ALBERTA ORDERS 8.7% OIL PRODUCTION CUT
‘WE MUST ACT IMMEDIATELY,’ NOTLEY SAYS, AS 25 PRODUCERS LIKELY TO FACE RESTRICTIONS
Alberta will cut oil production by 8.7 per cent starting in January in an effort to reduce the punishing price differential plaguing energy producers, says Premier Rachel Notley.
“We must act immediately, and we must do it together,” she said in a statement Sunday.
About 25 producers are expected to face cuts.
The price differential between Western Canadian Select and West Texas Intermediate has fluctuated in recent weeks, peaking at around C$45 a barrel. Western Canadian Select was selling for US$17 per barrel Friday.
Notley hinted Friday in a Postmedia op-ed that the province would intervene in the market.

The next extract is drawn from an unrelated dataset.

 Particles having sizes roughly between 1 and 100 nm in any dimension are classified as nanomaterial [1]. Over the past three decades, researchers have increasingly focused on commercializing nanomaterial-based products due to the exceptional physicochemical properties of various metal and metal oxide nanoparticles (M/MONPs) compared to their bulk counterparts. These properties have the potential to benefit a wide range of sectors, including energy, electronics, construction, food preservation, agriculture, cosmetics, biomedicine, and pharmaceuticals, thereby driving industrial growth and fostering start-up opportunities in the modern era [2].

She laid out two options — letting the free market correct itself, or curtailing production temporarily.
“That restriction would remain in place until stockpiles draw down, the price gap closes and the bleeding stops,” she wrote.
UCP Leader Jason Kenney and Alberta Party Leader Stephen Mandel have both pushed for production cuts.

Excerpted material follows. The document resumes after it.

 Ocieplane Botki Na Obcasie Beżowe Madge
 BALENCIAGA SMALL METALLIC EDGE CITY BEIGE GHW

“While a consensus appears to be forming among some political leaders, no such consensus exists within industry,” Notley wrote. “At this point, no industry consensus is expected.”

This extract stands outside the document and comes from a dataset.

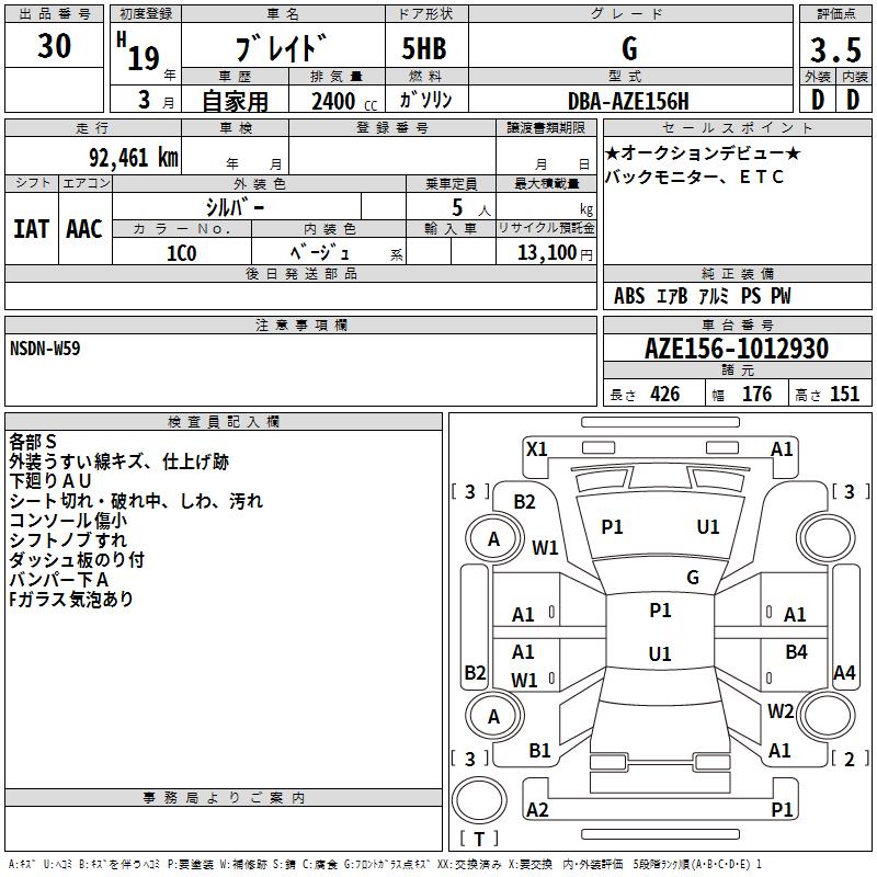 TOYOTA BLADE G - лот 30

Cenovus Energy Inc. CEO Alex Pourbaix called for government-mandated cuts, and said last week that there is a “growing chorus of voices” in that camp.
Producers are making 190,000 raw crude oil and bitumen barrels per day (bpd) more than can be shipped out of Alberta, said a Sunday government news release.
Cuts will initially reduce the oversupply by 325,000 bpd, but eventually that number will drop to 95,000 bpd after excess storage is drawn down, said the province.
The plan, which would end Dec. 31, 2019, is expected to reduce the differential by at least US$4 per barrel relative to where it would have been otherwise.
The province pegs losses due to the oil discount at around $80 million per day, though estimates vary.